Apocalipsis es universalmente aceptado como canónico. Fue uno de los últimos libros en ser universalmente reconocido en el Oriente debido a su naturaleza apocalíptica y su imaginería milenaria, pero su canonicidad nunca fue seriamente disputada después del siglo IV.
Apocalipsis
Capítulo 9
El quinto ángel tocó la trompeta, y vi una estrella que cayó del cielo a la tierra; y se le dio la llave del pozo del abismo.
Y abrió el pozo del abismo, y subió humo del pozo como humo de un gran horno; y se oscureció el sol y el aire por el humo del pozo.
Y del humo salieron langostas sobre la tierra; y se les dio poder, como tienen poder los escorpiones de la tierra.
Y se les mandó que no dañasen a la hierba de la tierra, ni a cosa verde alguna, ni a ningún árbol, sino solamente a los hombres que no tuviesen el sello de Dios en sus frentes.
Y les fue dado, no que los matasen, sino que los atormentasen por cinco meses; y su tormento era como tormento de escorpión cuando hiere al hombre.
En aquellos días los hombres buscarán la muerte, pero no la hallarán; y ansiarán morir, pero la muerte huirá de ellos.

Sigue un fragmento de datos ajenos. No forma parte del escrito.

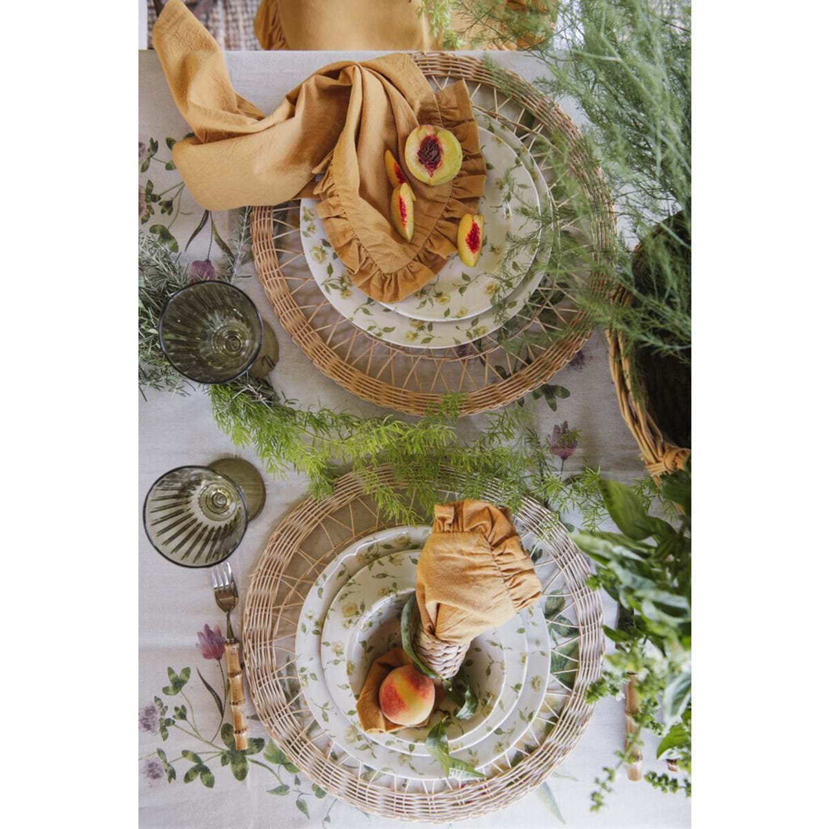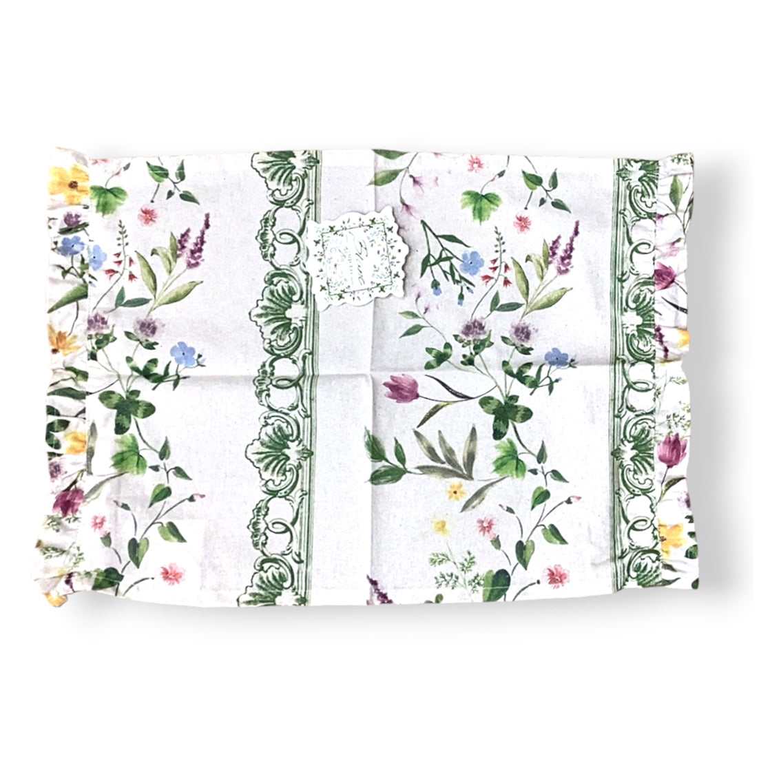 Romantica tovaglietta americana rettangolare con volant e stampa floreale proposta da Blanc Mariclo' per la collezione Vild Flower. Ideale come tovaglietta per la colazione, come romantico sottopiatto o come centrino.

El aspecto de las langostas era semejante a caballos preparados para la guerra; en sus cabezas tenían como coronas semejantes al oro; sus caras eran como caras humanas;
tenían cabello como de mujer, y sus dientes eran como de leones;
tenían corazas como de hierro; y el ruido de sus alas era como el estruendo de muchos carros de caballos corriendo a la batalla.
Tenían cola semejante a la de los escorpiones, y tenían aguijón en sus colas; y su poder era para dañar a los hombres por cinco meses.
Y tienen por rey sobre ellos al ángel del abismo, cuyo nombre en hebreo es Abadón, y en griego, Apolión.
El primer ay pasó; he aquí, vienen aún dos ayes después de esto.
El sexto ángel tocó la trompeta, y oí una voz de entre los cuatro cuernos del altar de oro que estaba delante de Dios,
que decía al sexto ángel que tenía la trompeta: Desata a los cuatro ángeles que están atados junto al gran río Eufrates.
Y fueron desatados los cuatro ángeles que estaban preparados para la hora, día, mes y año, a fin de matar a la tercera parte de los hombres.
El número de los ejércitos de los jinetes era doscientos millones. Yo oí su número.
Así vi en visión los caballos y a sus jinetes, los cuales tenían corazas de fuego, de jacinto y de azufre; y las cabezas de los caballos eran como cabezas de leones; y de su boca salía fuego, humo y azufre.
Por estas tres plagas fue muerta la tercera parte de los hombres; por el fuego, el humo y el azufre que salían de su boca.
Porque el poder de los caballos está en su boca y en sus colas; pues sus colas, semejantes a serpientes, tenían cabezas, y con ellas dañaban.
Y los otros hombres que no fueron muertos con estas plagas, ni aun así se arrepintieron de las obras de sus manos, sino que continuaron adorando a los demonios, y a las imágenes de oro, plata, bronce, piedra y madera, las cuales no pueden ver, ni oír, ni andar.
Y no se arrepintieron de sus homicidios, ni de sus hechicerías, ni de su fornicación, ni de sus hurtos.